OpenAI has begun the rollout of GPT-5.5-Cyber, an AI model focused on cybersecurity, aiming to deliver it to “critical cyber defenders” within days. This initiative follows Anthropic’s announcement of Claude Mythos Preview, a model found to autonomously discover numerous software vulnerabilities, which was deemed too dangerous for public release.
CEO Sam Altman stated, “We’re starting rollout of GPT-5.5-Cyber to critical cyber defenders in the next few days.” He emphasized collaboration with the government and the broader ecosystem to ensure trusted access and security for companies and infrastructure.
we're starting rollout of GPT-5.5-Cyber, a frontier cybersecurity model, to critical cyber defenders in the next few days.
we will work with the entire ecosystem and the government to figure out trusted access for cyber; we want to rapidly help secure companies/infrastructure.
— Sam Altman (@sama) April 30, 2026
The rollout is part of a comprehensive cybersecurity action plan by OpenAI, structured around five key pillars: democratizing access to cyber defense tools, coordinating with government and industry, enhancing safeguards around advanced capabilities, ensuring deployment visibility, and enabling user self-protection. The new model builds on GPT-5.4-Cyber, which was introduced in mid-April as part of OpenAI’s Trusted Access for Cyber program, alongside $10 million in API grants for vetted security organizations.

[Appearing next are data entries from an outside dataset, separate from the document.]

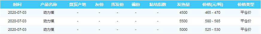 2020年7月3日黄骅港煤炭价格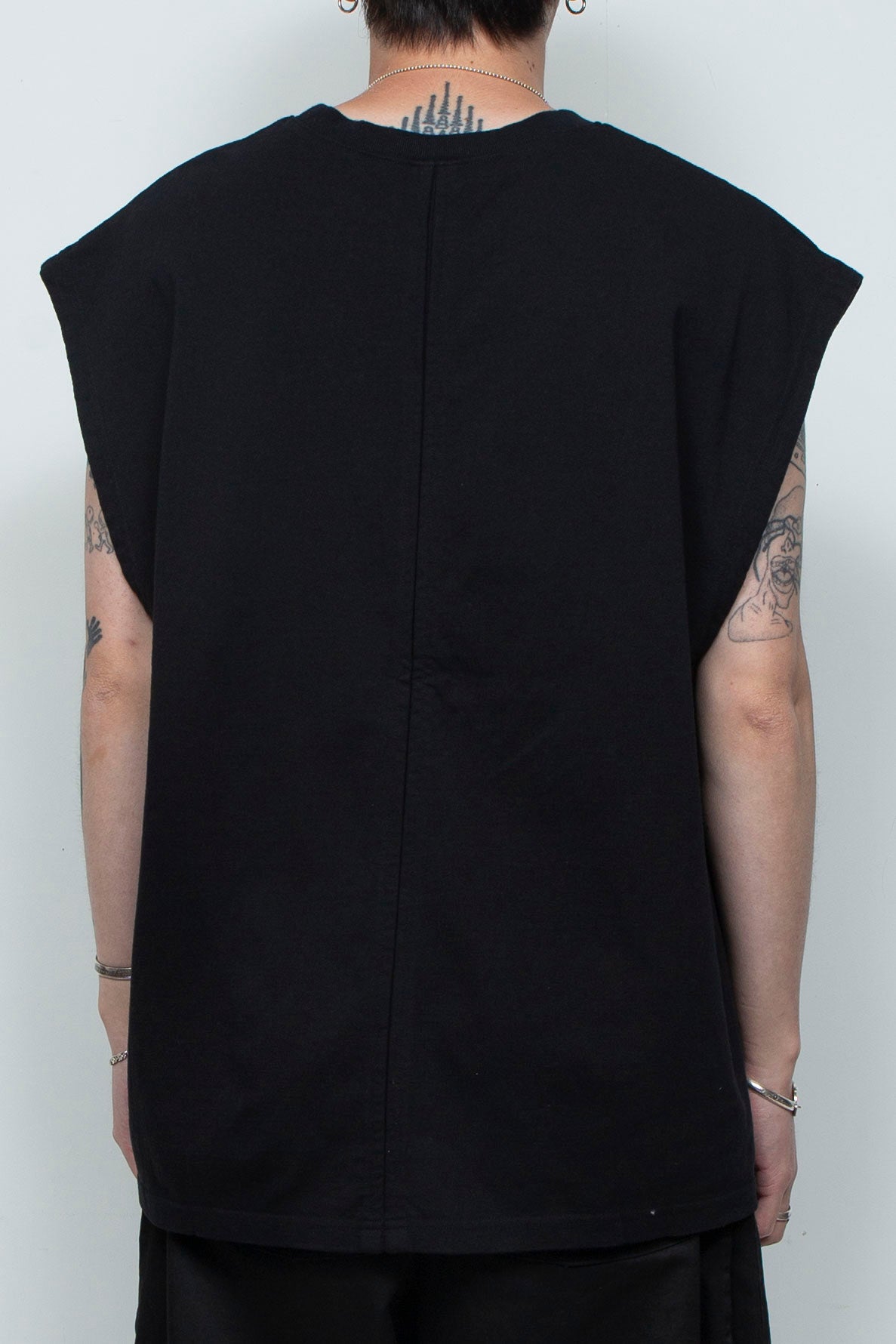 ワイドシルエットのタンクトップ。 熟成コットン原料を強い撚りで特殊紡績して編み上げたことによるヴィンテージ感のある面構えと独特のドライタッチを特徴とし、染色工程にて高温スチーム機で蒸かすことで素材に膨らみを持たせた天竺を使用したノースリーブです。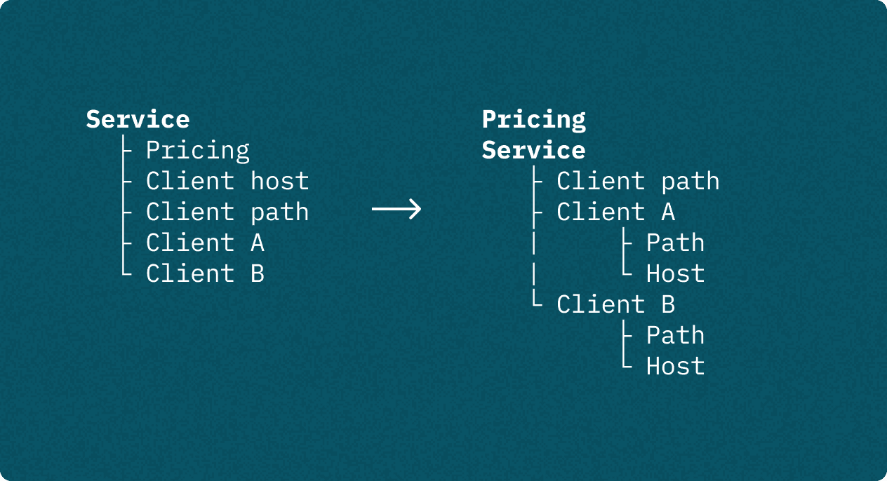 Я объединил разные инструменты в один, отделил стоимость от услуги, а клиентский путь и хоста вынес на уровень клиента, чтобы сервис больше не определял, как и с кем работают все клиенты сразу.
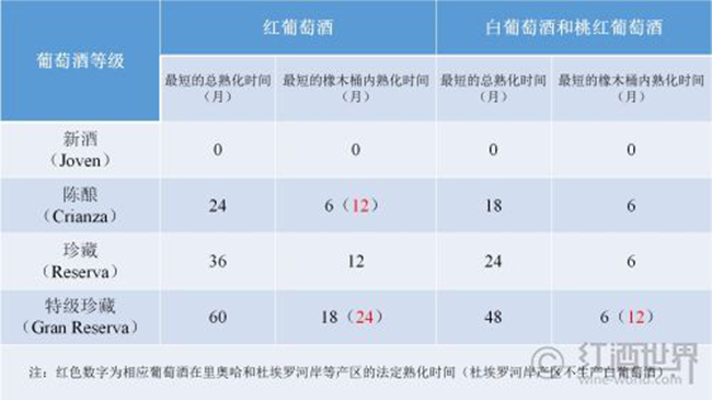 除了跟隨法國和歐盟的腳步之外,西班牙葡萄酒的分級也有著自己的特色,那就是對于DO及以上級別葡萄酒最短的總熟化時間和在橡木桶內(nèi)熟化時間的要求。西班牙根據(jù)熟化時間將葡萄酒分為4個等級:新酒(Joven)、陳釀(Crianza)、珍藏(Reserva)和特級珍藏(Gran Reserva),這幾個術(shù)語也是我們常在西班牙紅酒的酒標(biāo)上見到的。各級別對于熟化時間的要求見下表:

In contrast to Anthropic’s more limited approach, which restricted Mythos to around 50 organizations in a controlled program, OpenAI plans to distribute GPT-5.5-Cyber more broadly. The model will be made available through the Trusted Access for Cyber (TAC) program to government entities, critical infrastructure operators, security vendors, cloud platforms, and financial institutions.
Anthropic’s model, Claude Mythos Preview, announced earlier in April, demonstrated advanced capabilities by discovering thousands of new zero-day vulnerabilities. It autonomously created exploits, showcasing improvements in reasoning and coding capabilities, including constructing a full browser exploit and a FreeBSD remote code execution exploit through complex vulnerability chaining.
While Anthropic has committed up to $100 million in usage credits and $4 million in donations to open-source security organizations, it has stated that Mythos will not be publicly available. Subsequently, the company released a less capable model, Claude Opus 4.7, whose cybersecurity features are “not as sophisticated” as those of Mythos.
OpenAI has yet to publish technical benchmarks comparing GPT-5.5-Cyber to Mythos. The base model received a “High” rating on OpenAI’s cybersecurity risk scale, falling below the “Critical” threshold needed for developing zero-day exploits autonomously without human intervention. The effectiveness of the Cyber-specific variant in closing this gap remains uncertain, as leading security professionals express concerns that the ability to find software flaws at scale is increasingly difficult to contain.